By rising up through the mantle as giant diapirs, similar to blobs in a lava lamp, sand, and mud subducted off the coast of California about 75 million years ago returned to the earth’s crust, according to a professor at the University of Wyoming made this hypothesis using computer modeling.
The Mojave Desert and western Arizona are just two locations where these blobs can currently be found at the Earth’s surface, thousands of miles inland from the coast.
“These rocks aren’t the prettiest to look at, but they went on an extraordinary journey and have an incredible story to tell,” says Jay Chapman, an assistant professor in UW’s Department of Geology and Geophysics who focuses on tectonics.
Chapman is the author of a new paper, titled “Diapiric relamination of the Orocopia Schist (southwestern U.S.) during low-angle subduction,” which was published in the August issue of the journal Geology.
Geoscientists around the world are working to understand what gives the continental crust its unique composition, and subduction and reincorporation of sediment are a popular hypothesis.
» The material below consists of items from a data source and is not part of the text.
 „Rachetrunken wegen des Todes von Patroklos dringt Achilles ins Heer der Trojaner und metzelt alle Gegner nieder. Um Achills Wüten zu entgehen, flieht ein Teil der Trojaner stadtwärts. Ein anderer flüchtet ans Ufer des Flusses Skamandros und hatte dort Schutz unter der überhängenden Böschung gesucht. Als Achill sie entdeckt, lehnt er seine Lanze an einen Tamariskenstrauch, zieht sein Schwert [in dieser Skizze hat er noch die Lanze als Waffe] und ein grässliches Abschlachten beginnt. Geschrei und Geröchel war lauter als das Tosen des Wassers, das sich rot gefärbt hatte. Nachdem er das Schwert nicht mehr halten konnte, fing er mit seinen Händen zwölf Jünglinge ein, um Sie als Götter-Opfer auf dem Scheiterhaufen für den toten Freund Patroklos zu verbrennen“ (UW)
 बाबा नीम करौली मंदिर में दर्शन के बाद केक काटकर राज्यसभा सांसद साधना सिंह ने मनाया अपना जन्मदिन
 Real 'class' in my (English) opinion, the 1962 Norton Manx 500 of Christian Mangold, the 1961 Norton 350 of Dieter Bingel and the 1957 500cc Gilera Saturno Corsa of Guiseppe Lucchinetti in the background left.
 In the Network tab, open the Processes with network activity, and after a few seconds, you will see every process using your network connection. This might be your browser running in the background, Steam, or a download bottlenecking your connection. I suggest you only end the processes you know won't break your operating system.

In addition, many researchers are now wondering whether fluids and elements released from the subducted sediments may have contributed to the concentration of economically important minerals and metals.
Jay Chapman
“The rocks started their lives as sediment eroded from the Sierra Nevada Mountains and carried by rivers and streams down to the ocean, where they ended up deposited in a subduction trench, similar to the modern-day Marianas trench,” Chapman says.
“Then, they were carried about 20 miles deep into the Earth by a subducting oceanic plate, where the sediments were metamorphosed into a rock called schist. That in and of itself is pretty amazing, but the truly special thing about these rocks is that they didn’t stay subducted, but somehow made their way back up to the surface, where you can go stand on them today.”
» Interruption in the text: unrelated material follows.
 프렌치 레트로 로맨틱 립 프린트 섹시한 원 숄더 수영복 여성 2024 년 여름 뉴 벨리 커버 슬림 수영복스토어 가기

Some of the problems Chapman is attempting to address with his research include the distribution of the sediments in the subsurface and how the subducted sediments returned to the Earth’s surface.
“The prevailing theory is that the sediments were smeared against and plastered to the base of the North American tectonic plate, forming a sheet-like layer,” Chapman says. “However, the density of these sediments is much lower than rocks in the mantle or lower crust and, over millions of years, computer modeling predicts that the sediments will flow and buoyantly ascend, like hot wax in a lava lamp.”
The research has implications for understanding subduction zone processes and the distribution of natural resources.
“Geoscientists around the world are working to understand what gives the continental crust its unique composition, and subduction and reincorporation of sediment are a popular hypothesis,” Chapman says.
“In addition, many researchers are now wondering whether fluids and elements released from the subducted sediments may have contributed to the concentration of economically important minerals and metals.”